Ainda ando à procura do título que me faça – e citando a máxima anglófona e título de uma belíssima música dos Tears for Fears – ficar head over heels por soulslikes. Curiosamente foi outro grande indie do género deste ano que mais perto esteve de o fazer. Falo, obviamente, de Nine Sols.
Apesar de nunca ter jogado Sekiro, compreendo, de o ter visto a ser jogado e de ter conversado com quem conhece a FromSoftware de trás para a frente, que a sua proposta é extremamente original, e criativamente única à época que saiu. Não é de surpreender, portanto, que a sua originalidade acabasse por reverberar por criadores indie um pouco por todo o mundo, e Bloodless é mais um filho dessa inspiração.
O estúdio indie Point & Sheep traz uma proposta diferente para os soulslikes com Bloodless, subvertendo a tradição dos soulslikes ao colocar-nos na pele de Tomoe, uma ronin envelhecida, no seu retorno carregado de peso emocional à sua terra-natal, o distrito de Bakugawa.
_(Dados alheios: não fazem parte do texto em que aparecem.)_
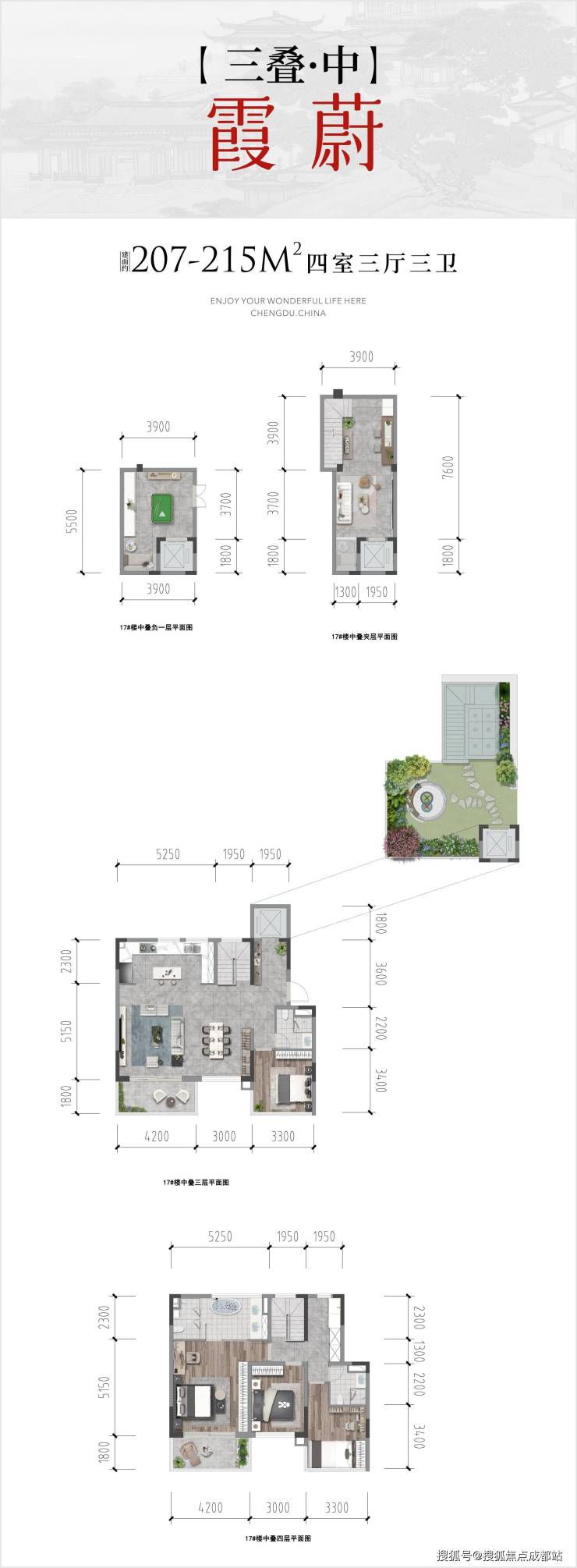 【三叠】中叠 四室两厅三卫 | 约207-215㎡

Depois de muitos anos fora, Tomoe encontra o seu velho mestre, o Shogun Akechi, a governar o distrito com um punho de ferro. A sua reputação precedeu-a enquanto assassina impiedosa, levando-a agora a jurar perante a sua família de nunca mais tirar uma vida.
Este compromisso é a alma de Bloodless, moldando a jogabilidade em torno de parries precisos e desarmes obrigatórios. Inspirado pelo loop mecânico de Sekiro: Shadows Die Twice, o jogo transforma cada combate numa dança que é ao mesmo tempo um teste técnico de reflexos e timing. Aqui, não atacamos, reagimos apenas, desviando-nos de golpes, abrindo a guarda dos inimigos e desarmando-os com movimentos bem-calculados. Abandonando completamente a violência ofensiva, Bloodless oferece uma experiência (quase) pacífica que coloca a defesa no centro da sua jogabilidade.
Esta abordagem pacifista torna Bloodless num desafio único por si só. A ausência de ofensiva tradicional exige que adoptemos uma mentalidade completamente diferente, onde a paciência e a precisão se tornam ferramentas mais importantes do que agressividade.
A história de Bloodless é um mergulho num conto sobre violência e redenção, onde a narrativa minimalista serve para explorar as consequências das escolhas de vida sangrentas e a possibilidade de quebrar esse ciclo, mesmo contra todas as probabilidades.
Com uma direcção de arte que parece saída directamente de um cartucho de Game Boy Color, Bloodless aposta no minimalismo visual para destacar a sua essência mecânica e narrativa. A simplicidade gráfica não diminui de forma alguma a profundidade emocional ou a intensidade dos combates, provando que uma apresentação a abraçar com força a nostalgia pode carregar um peso artístico e mecânico impressionantes.
Para além de ser uma abordagem extremamente original para os soulslikes, Bloodless é mais do que um jogo de acção sem ataques: é um manifesto contra a violência como solução inevitável num género que naturalmente a celebra. Com a sua jogabilidade técnica, narrativa introspectiva e estética nostálgica, Bloodless junta-se a Nine Sols na minha experiência pessoal como os títulos que mais aproximadamente me trouxeram para o mindset estabelecido por Hidetaka Miyazaki.